MI8-5 cells synthesize Man9GlcNAc2-P-P-dolichol

MI8-5 cells were isolated by a two-step procedure. First, mutagenized CHO cells were subjected to a mannose suicide selection technique. Second, survivors of the selection technique were screened as individual colonies grown on polyester discs for reduced mannose incorporation into protein (J.L.O'Rear, J.R.Scocca, B.K.Walker, A.Kaiden and S.S.Krag, unpublished observations). The incorporation of radioactive mannose for both the selection and the screen was done at 40.5°C instead of the normal growth temperature of 34°C in order to allow for the isolation of mutant cells that had no defect at 34°C, but had a defect at 40.5°C (i.e., cells with a temperature-sensitive lesion). However, the biochemical defect in MI8-5 cells was observed at both 34°C, as described in detail below, and at 40.5°C (data not shown).


Figure 1. HPLC Analysis of the oligosaccharides released from oligosaccharide-lipid of parental and MI8-5 Cells. Parental and MI8-5 cells were incubated with 2-[3H]mannose for 10 or 60 min as described in Materials and methods. There were 3.2 × 106 parental cells/dish (8 dishes) and 4.6 × 106 parental cells/dish (2 dishes) for the 10 and 60 min incubations, respectively; there were 2.9×106 MI8-5 cells/dish (8 dishes) and 3 × 106 MI8-5 cells/dish (2 dishes), respectively for the 10 and 60 min incubations. Oligosaccharide-lipid was extracted (Cacan et al., 1992), hydrolyzed with mild acid, and desalted.

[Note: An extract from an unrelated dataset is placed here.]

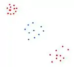Next, draw a series of dots in the centre in colour A, and a group of colour B dots in the upper right and lower left hand corners. If you only have one colour, different shapes can be used. Now, like before, attempt to draw a single straight line to separate the two.

Oligosaccharides were separated by HPLC on an amino-derivatized column ASAHIPAK NH2-50 (250 × 4.6 mm) (Asahi, Kawasaki-ku, Japan) with a solvent system of acetonitrile/water from 70/30 to 50/50 by volume at a flow rate of 1 ml/min during 90 min. The separation of the labeled oligosaccharides was followed by continuous-flow detection of the radioactivity with a Flo-one beta detector (Packard) using Luma Flow II (Lumac, the Netherlands) as scintillation fluid. The identity of standards are as follows: 1, Man5GlcNAc2; 2, Man9GlcNAc2; 3, Glc3Man9GlcNAc2. (A) and (C) were parental cells; (B) and (D) were MI8-5 cells. (A) and (B) were 10 min incubations; (C) and (D) were 60 min incubations.

Subsequently, MI8-5 cells were shown to die at 40.5°C, although they grew as well as parental cells at 34°C (B.W.Walker, H.Lei and S.S.Krag, unpublished observations). MI8-5 cells were isolated because after an overnight incubation of MI8-5 at 40.5°C, they had a 9-fold lower incorporation of mannose into glycoprotein during a 1 h label compared to parental cells (data not shown).

When MI8-5 cells were incubated at 34°C with [3H]mevalonolactone to achieve steady state labeling of polyisoprenyl lipids, the prenol in these cells was found to be dolichol (data not shown; Rosenwald et al., 1993).

Parental and MI8-5 cells were incubated at 34°C with tritiated mannose for 10 or 60 min, oligosaccharide-lipid was extracted, and labeled oligosaccharides were released from oligosaccharide-lipid by mild acid treatment. The released oligosaccharides were analyzed by HPLC. As shown in Figure 1, parental cells labeled primarily Glc3Man9GlcNAc2-P-P-dolichol during 10 and 60 min of incubation with [2-3H]mannose whereas MI8-5 cells labeled primarily Man9GlcNAc2-P-P-dolichol. The major labeled oligosaccharides from both parental and MI8-5 cells were treated with [alpha]-mannosidase in order to test whether the oligosaccharide in MI8-5 cells was completely sensitive to digestion, as would be expected of a non-glucosylated species. As seen in Figure 2, the major oligosaccharide released from parental cells, Glc3Man9GlcNAc2, was partially resistant to digestion by [alpha]-mannosidase, while the major oligosaccharide released from MI8-5 cells, Man9GlcNAc2, was sensitive to [alpha]-mannosidase digestion, yielding mannose and a small oligosaccharide eluting in a position consistent with ManGlcNAc2 (Figure 2).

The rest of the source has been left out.